Matriarcado (Matriarchy)

Filme grego que se baseia numa experiência sociológica única, agrupando diversas mulheres distintas, vindo de todo tipo de lugar, vítimas dos mais variados tipos de abusos, juntas numa espécie de “ONG”, que as estimula a botar para fora tudo que lhes foi oprimido. É, literalmente, um estudo sobre a singularidade feminina, como elas suportam aquilo que parecem insuportável, para além de rótulos e esteriótipos, não beira ao senso comum e dá uma aula de feminismo nato, sem parecer piegas e tão pouco artificial. Em tempo, onde no Brasil a Lei Maria da Penha acaba de completar uma década, sendo ampliada com a sanção da Lei do Feminicídio, nos faz pensar o quão primitivo somos, sobretudo por normatizar as agressões, nossa sociedade precisa muito ainda evoluir para de fato sermos um matriarcado. Mas é bom ver que há pessoas que ainda tentam chegar lá, dá uma esperança.

As Mil e Uma Noites: Parte 1 – O Inquieto (Idem)

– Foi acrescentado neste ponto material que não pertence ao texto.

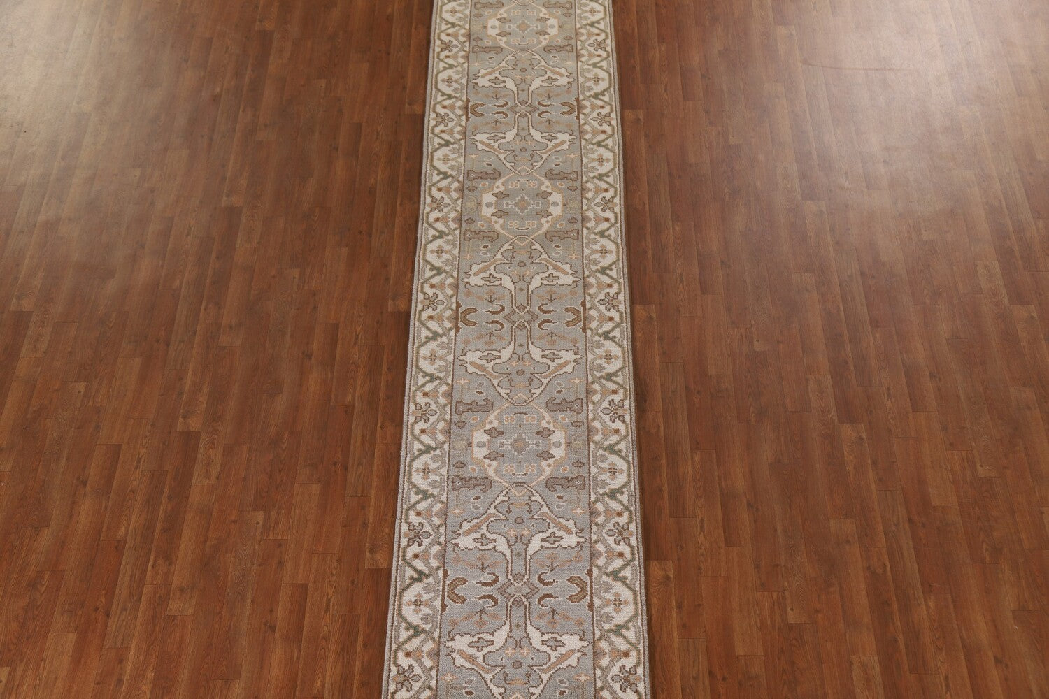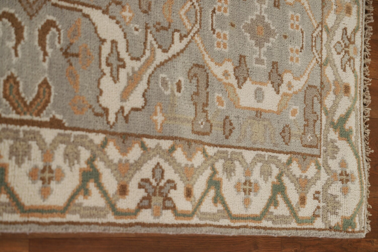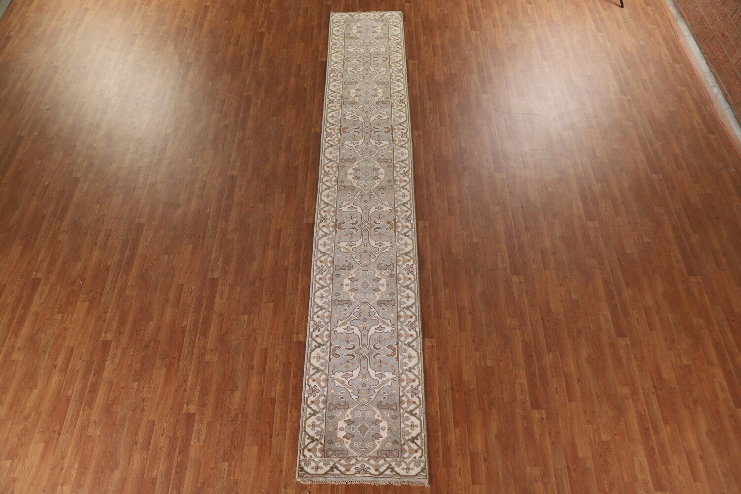 A Beautiful Genuine India Oushak rug is Hand Knotted by skillful weavers in India with 100% Wool Material. This rug is in New, First Quality condition. dimensions are 15' 6'' X 2' 7'' in foot and 472 X 79 in centimeter. the primary color is Greys & Charcoal.

Particularmente, estava curioso para a reinvenção do antológico conto das Mil e Uma Noites pelas mãos de um dos mais excepcionais realizadores portugueses, ainda mais sabendo que ele dividiu em três partes independentes entre si. “O Inquieto”, sua primeira parte, começa com uma denúncia da situação portuguesa precária, vítima de uma política feroz de austeridade econômica, ruindo a estabilidade social do país, onde que isso se encaixa na vida do diretor? É exatamente isso que ele nos mostra, sua apatia em realizar um filme para um país tão fragilizado, porém ele nos entrega sua obra. Em sua primeira parte, nos deparamos com Sherazade contando três contos para o Rei evitando sua morte, cada um deles é atualizado ao contexto social-econômico e político de Portugal, sendo cada um espetacular em sua essência, com destaque ao episódio do Galo, na qual o animal nos tenta “acordar” os humanos para a apatia referente da sociedade civil aos assuntos de interesse público. É cômico, atual e incrivelmente instigante, nos arrebata ao mesmo tempo que nos deixa com gostinho de quero mais. Imperdível.

Mate-me Por Favor (Idem)

Fui ver pelo furdúncio que causou no Festival do Rio, chegando a arrebatar os prêmios de direção e atriz. Sinceramente, algo não compreensível. Há qualidades técnicas eficientes, na sua fotografia e em certo ponto sua direção, mas o filme é de uma bobagem tão grotesca que no final o seu título não deixa de ser uma boa recomendação para quem queira arriscar a conferir. Eu não recomendo morte mais horrível que essa.

 

Aliança do Crime (Black Mass)

Vendido principalmente como o retorno triunfal do astro Johnny Deep a boa forma, depois de inúmeros fracassos, além de ser uma aposta quase certa para a próxima temporada de premiações. O filme peca por ser convencional, é narrado de um jeito ultrapassado demais, consegue construir uma atmosfera grandiosa quando Deep está em cena, ele é o filme, seu personagem por mais grotesco que seja é arrepiante, nos impressiona, cativa, amedronta, enoja… Enfim, é um misto de sentimentos, ainda há um elenco de peso com bons momentos, Benedict Cumberbatch, Kevin Bacon, Joel Edgerton (esse último na atuação de sua carreira). O problema se baseia mesmo na direção quadradinha de Scott Cooper, além numa maquiagem grosseira nos personagens, chega a prejudicar o astro principal. Contudo, não ao ponto de dispensa-lo de sua próxima indicação ao Oscar, acredito eu. Tinha potencial para além de filme de gênero, mas infelizmente decai aqui, o que não deixa de ser uma pena para o cinema como um todo.